2

I have a python script that generates predictions using sklearn Random Forest and fixed random_state = 0. It produces always deterministic results on the one computer (system) but when I switch to another computer, results are different.

Is there a way to make it deterministic across different systems? How to make identical results on a different machine like on the first machine?

The script is complicated and long so I won't share the code but I think the problem is in Random Forest random_state because when I tried using KNN instead of RF, results were identical

EnesZ
  • 403
  • 3
  • 16

1 Answers1

0

sklearn.neighbors.KNeighborsClassifier uses all observations from your train data, while as the name suggests sklearn.ensemble.RandomForestClassifier uses data randomly, so you can expect different results from Random Forest per iteration. Now coming to the question of using it on different systems, this is tricky one, but you can give a try to following approach (though I have not tested this yet).

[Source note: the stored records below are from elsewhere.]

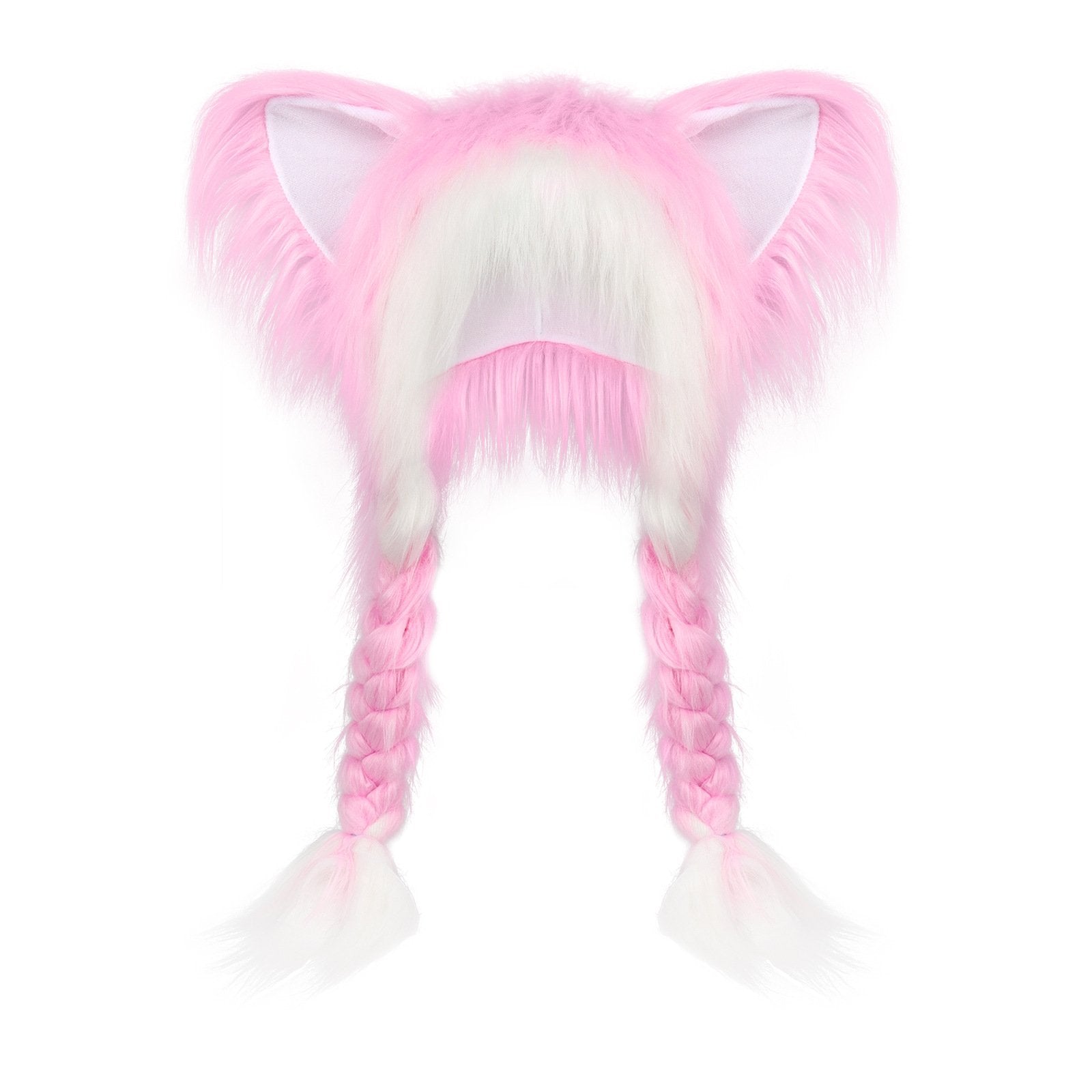 Two long plush braids hang from the headband, also designed in matching two-tone colors. They feel soft against the skin, add playful movement, and offer extra warmth—perfect for cold days or eye-catching cosplay looks.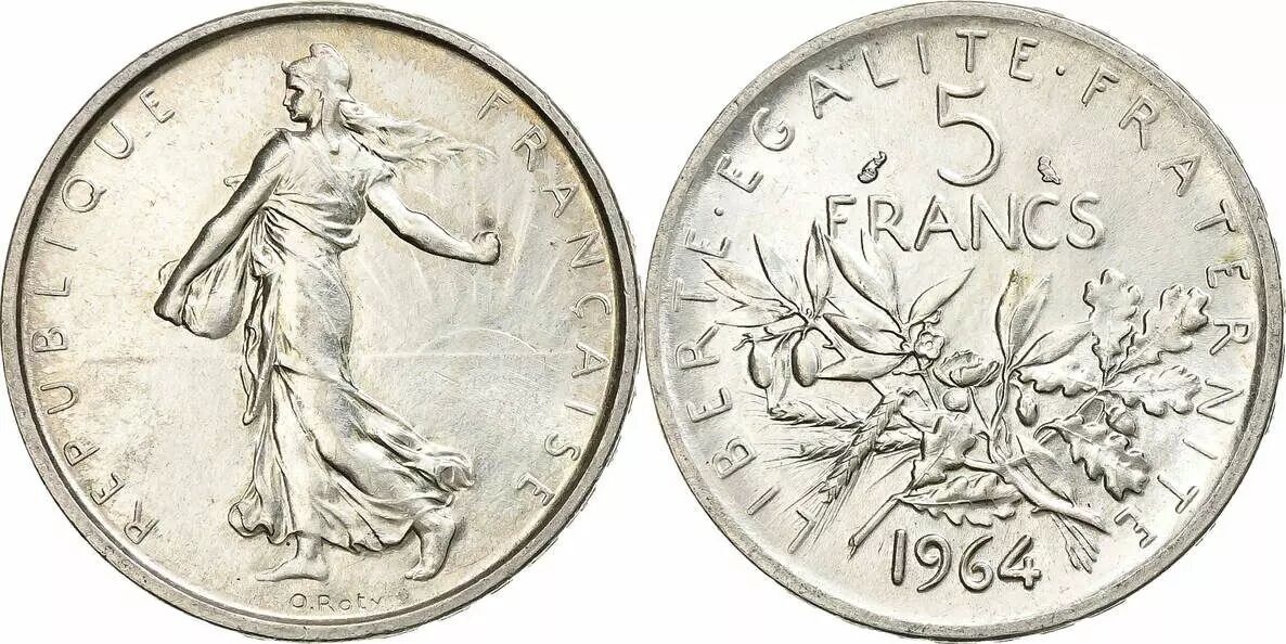 The 5 Francs Semeuse coin, minted in silver, is a French coin issued in 1964. Its face value is 5 francs.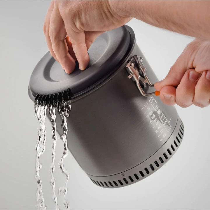 Built for maximum cooking efficiency, and designed to carry light and pack small, this is our highest performance two-person backpacking system and stove. The rugged, hard-anodized aluminum 1.8L boiler is coated with durable, scratch-resistant PFOA-free Teflon® with Radiance Technology for superior non-stick performance, easy cleaning, and outstanding heat transfer. Then we added our hyper-conducting heatsink to speed cook times by 30% so you save fuel and time. The kit also includes all your eating gear and canister stove. Nesting perfectly into the pot with room for your fuel canister are two 20oz wide-mouth mugs with insulated sleeves and Sip-It lids, two 20 oz bowls, and a couple of Foons our folding spork and our Pinnacle Canister Top 10,000 BTU Stove. The pot strainer lid makes draining easy, and the whole system fits into a carry bag that doubles as a camp sink.

1). Fit a Random Forest model on your data with some random_state, let's say random_state = 0

2). Import pickle, create a pickle object rf.pkl which will be saved at your current working directory.

3). Dump the current Random Forest model object in the pickle object.

import pickle    
pkl = 'rf.pkl'
with open(pkl,'wb') as file:
    pickle.dump(rf,file)

4). Share the pickle object file to another user/system.

5). Store the pickle object at some location and set that as working directory.

6). Open Python on that system, run your python code to read the data.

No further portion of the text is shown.